┌────────

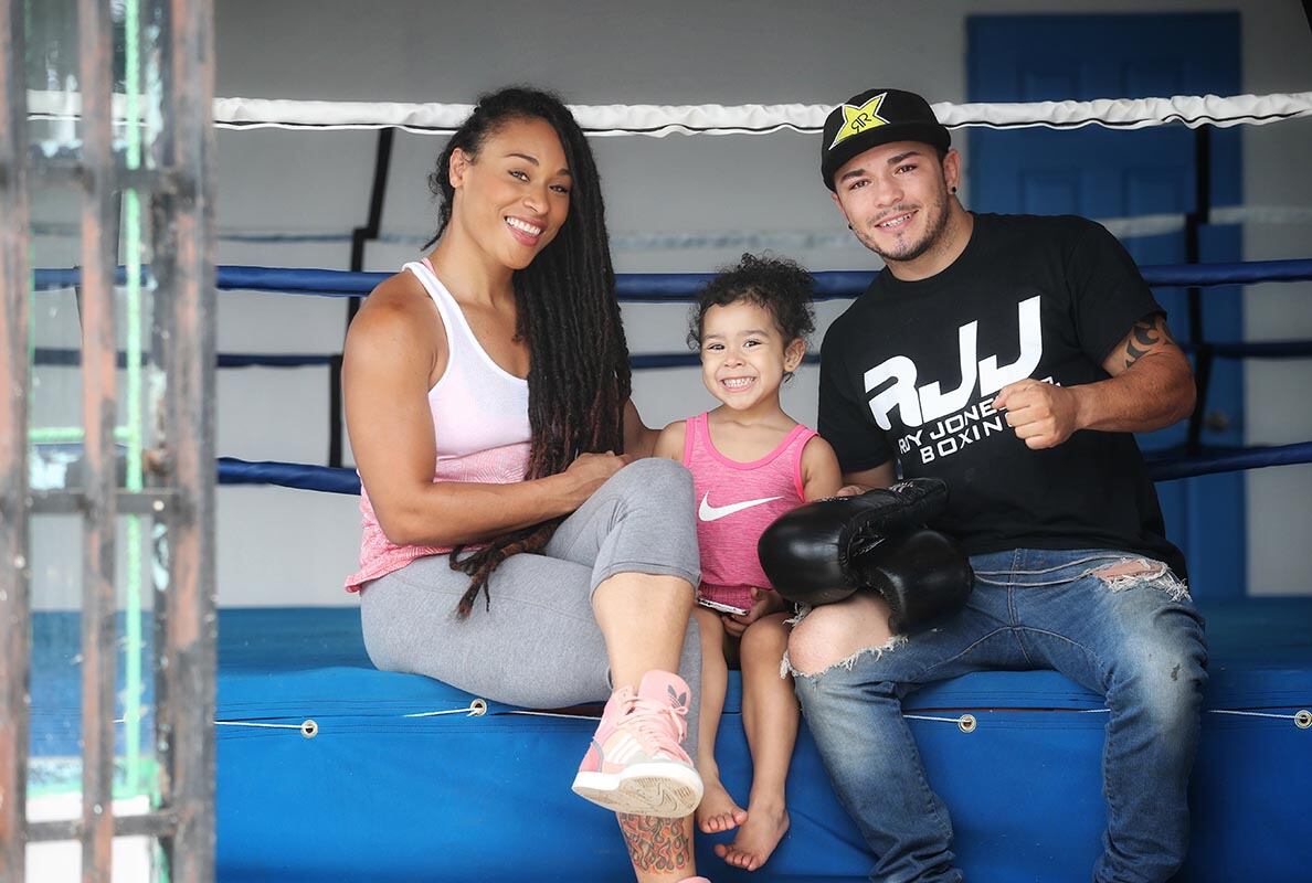 Como única testigo de sus ejercicios y movimientos en el cuadrilátero, la pequeña Mía, hija del matrimonio, juega con un teléfono celular, mientras su mamá se faja en cada golpe, guiada por Vásquez y el entrenador Pedro González.
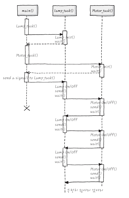 뭐 이렇게 이름 지을 수 있겠네요. Lamp Task는 무한히 깜빡이는 일을 하죠. 그러면, 또 다른 Motor를 돌리는 Motor Task도 같이 돌아야겠죠. 그러면 Lamp_task()와 Motor_task()가 서로 주거니 받거니 일을 했으면 좋겠는데 말이죠. 그래서 signal이라는 걸 만들어줘 보죠. 이건 Task끼리 signal을 주고 받을 수도 있고, 그걸로 서로 일을 시킬 수도 있는 거라 생각하시면 되요. wait(signal); 이라는 함수를 약속해 볼까요? wait (signal)은 signal을 기다린다는 의미이고요, signal을 기다리기만 해서는 안되겠죠. signal을 주는 일도 해야 하니까, send (task, signal) 이라는 함수를 약속해 보면, 어떤 task한테 signal을 주는 역할을 한다고 해보죠. 그러면, 위의 task를 이런 식으로 만들면 서로 주거니 받거니 될까요?
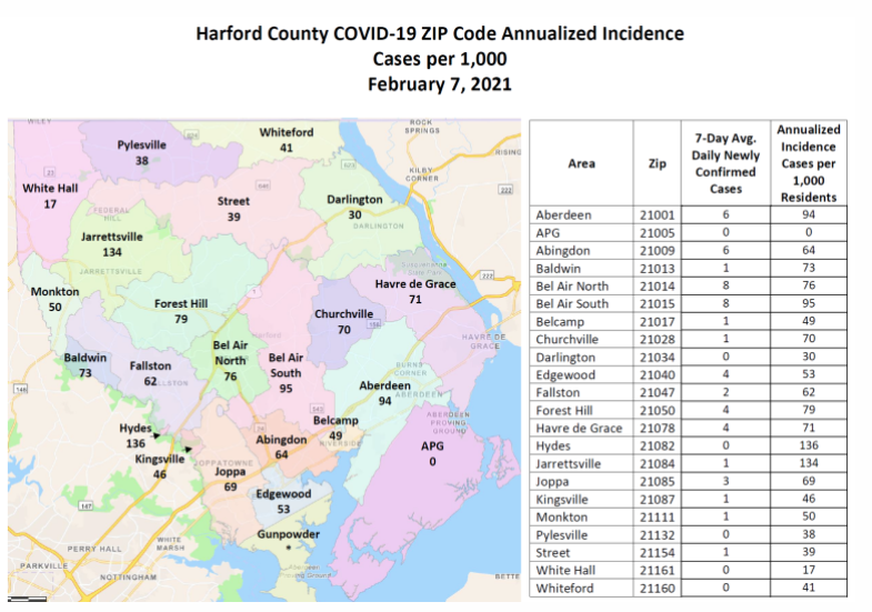Data released Monday shows the case rate for the 21078 ZIP code is now 71 per 1,000 residents.
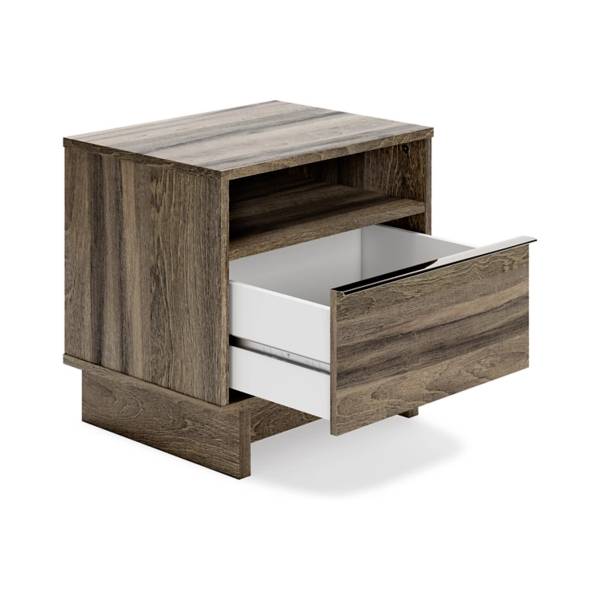 Built with engineered wood, including MDF, particleboard, and plywood, this piece balances affordability and durability. A smooth-gliding drawer with ball-bearing glides ensures effortless access to your bedside essentials, while the brushed light champagne-finished handle adds a refined touch. Below, an open shelf provides additional storage space, perfect for books, décor, or nighttime essentials.
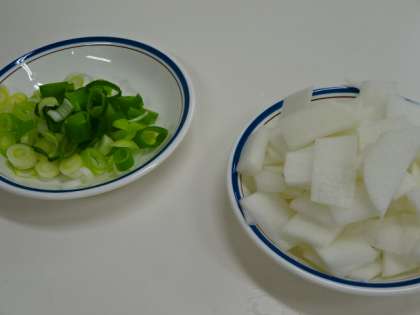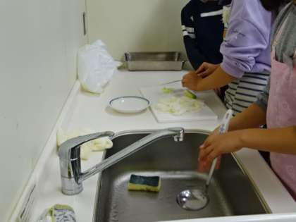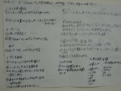 にぼしとかつおぶしで出汁をとり、大根とネギのみそ汁です。計画書にしたがって、協力して作っています。
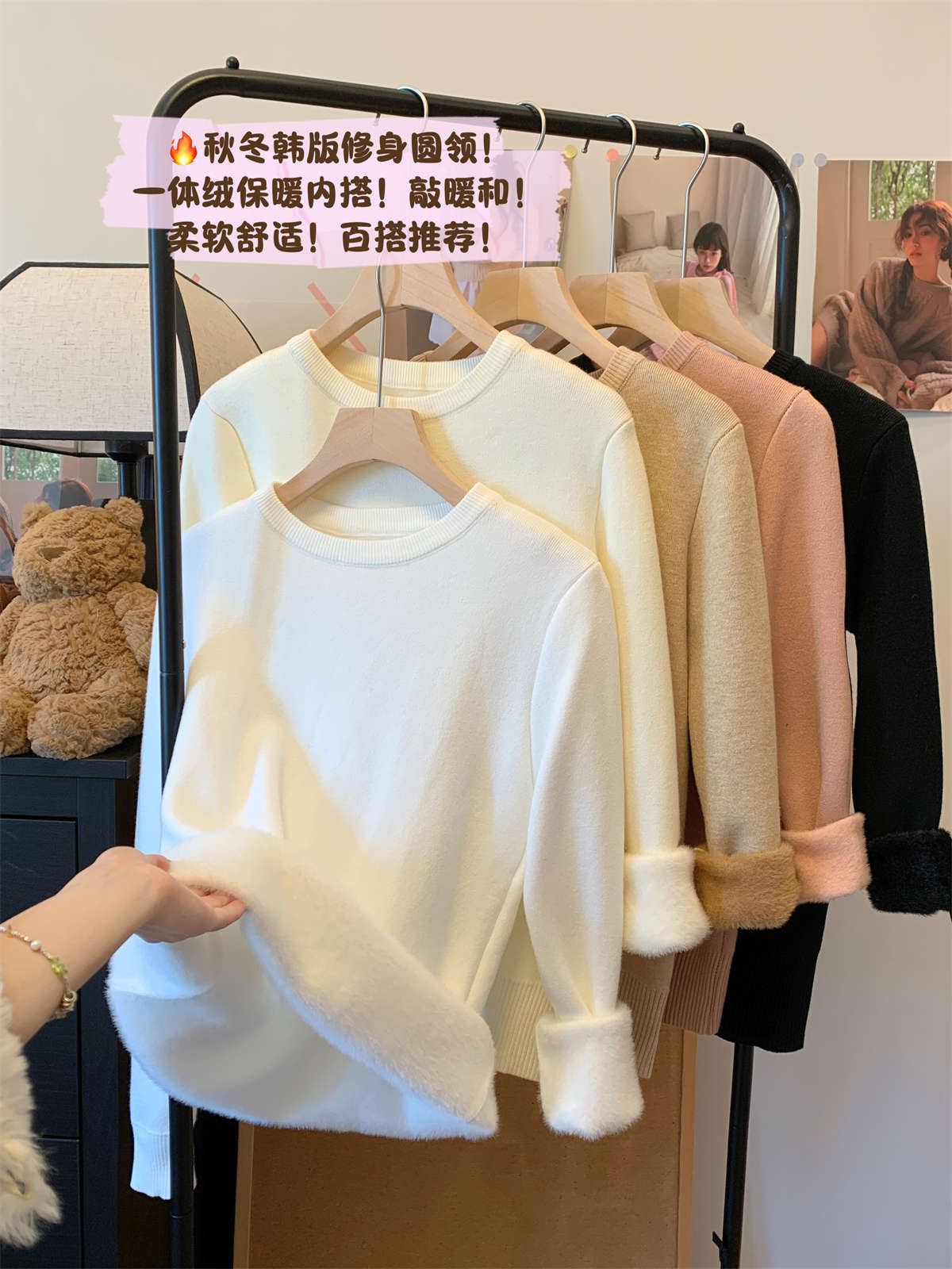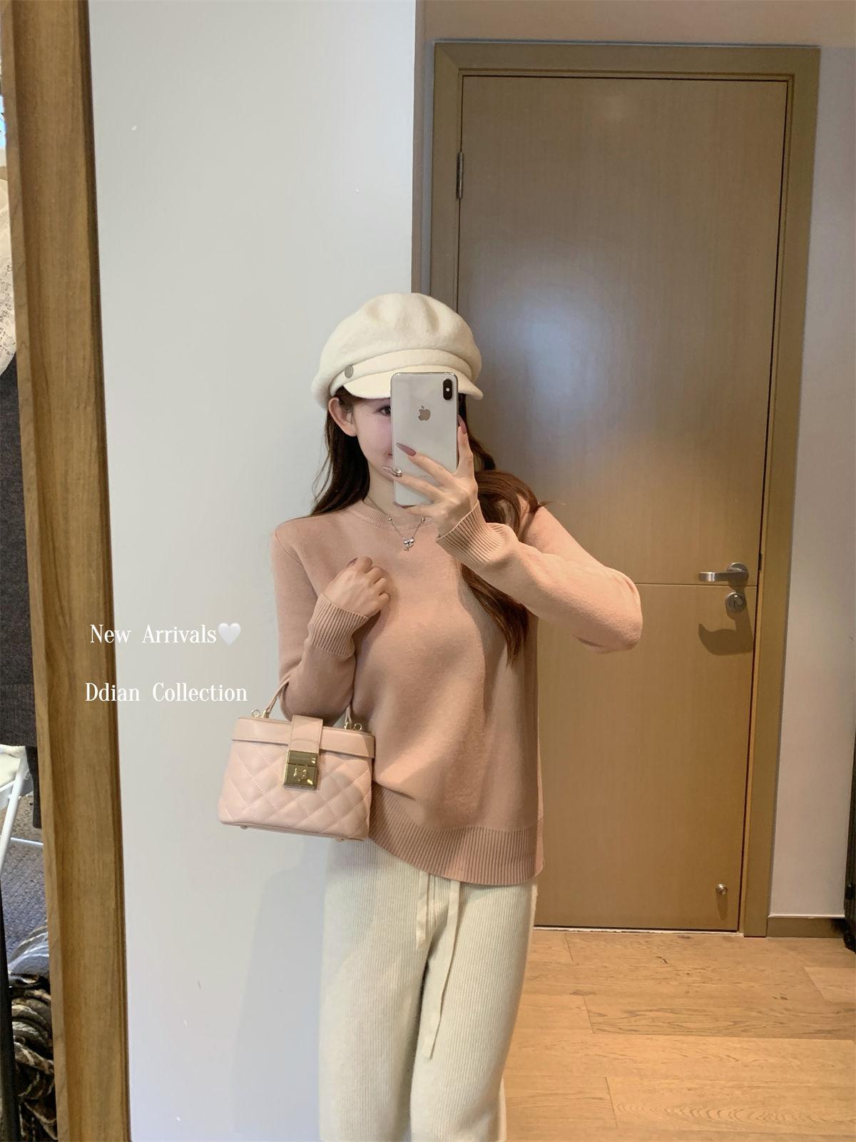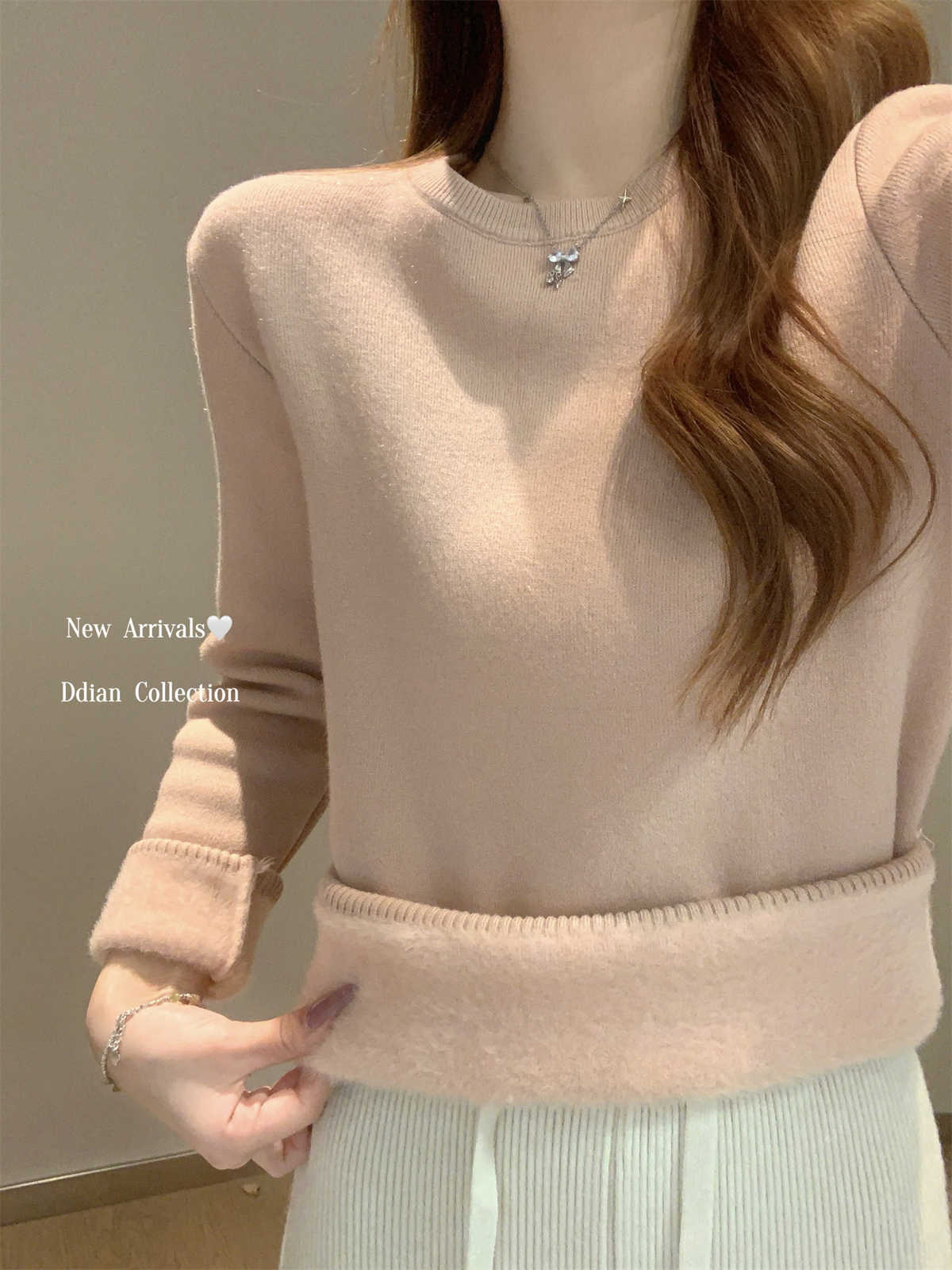 Camiseta Base Coreana de Punto de Color Sólido para Mujer Otoño e Invierno 2024 Gruesa de Una Pieza de Terciopelo Cálida Interior Suéter Suave y Ceroso

└────────

* What is being asked
Transcribe all of the entries word for word, but skip any pictures they contain.

* Answer
 Como única testigo de sus ejercicios y movimientos en el cuadrilátero, la pequeña Mía, hija del matrimonio, juega con un teléfono celular, mientras su mamá se faja en cada golpe, guiada por Vásquez y el entrenador Pedro González.
 뭐 이렇게 이름 지을 수 있겠네요. Lamp Task는 무한히 깜빡이는 일을 하죠. 그러면, 또 다른 Motor를 돌리는 Motor Task도 같이 돌아야겠죠. 그러면 Lamp_task()와 Motor_task()가 서로 주거니 받거니 일을 했으면 좋겠는데 말이죠. 그래서 signal이라는 걸 만들어줘 보죠. 이건 Task끼리 signal을 주고 받을 수도 있고, 그걸로 서로 일을 시킬 수도 있는 거라 생각하시면 되요. wait(signal); 이라는 함수를 약속해 볼까요? wait (signal)은 signal을 기다린다는 의미이고요, signal을 기다리기만 해서는 안되겠죠. signal을 주는 일도 해야 하니까, send (task, signal) 이라는 함수를 약속해 보면, 어떤 task한테 signal을 주는 역할을 한다고 해보죠. 그러면, 위의 task를 이런 식으로 만들면 서로 주거니 받거니 될까요?
Data released Monday shows the case rate for the 21078 ZIP code is now 71 per 1,000 residents.
 Built with engineered wood, including MDF, particleboard, and plywood, this piece balances affordability and durability. A smooth-gliding drawer with ball-bearing glides ensures effortless access to your bedside essentials, while the brushed light champagne-finished handle adds a refined touch. Below, an open shelf provides additional storage space, perfect for books, décor, or nighttime essentials.
 にぼしとかつおぶしで出汁をとり、大根とネギのみそ汁です。計画書にしたがって、協力して作っています。
 Camiseta Base Coreana de Punto de Color Sólido para Mujer Otoño e Invierno 2024 Gruesa de Una Pieza de Terciopelo Cálida Interior Suéter Suave y Ceroso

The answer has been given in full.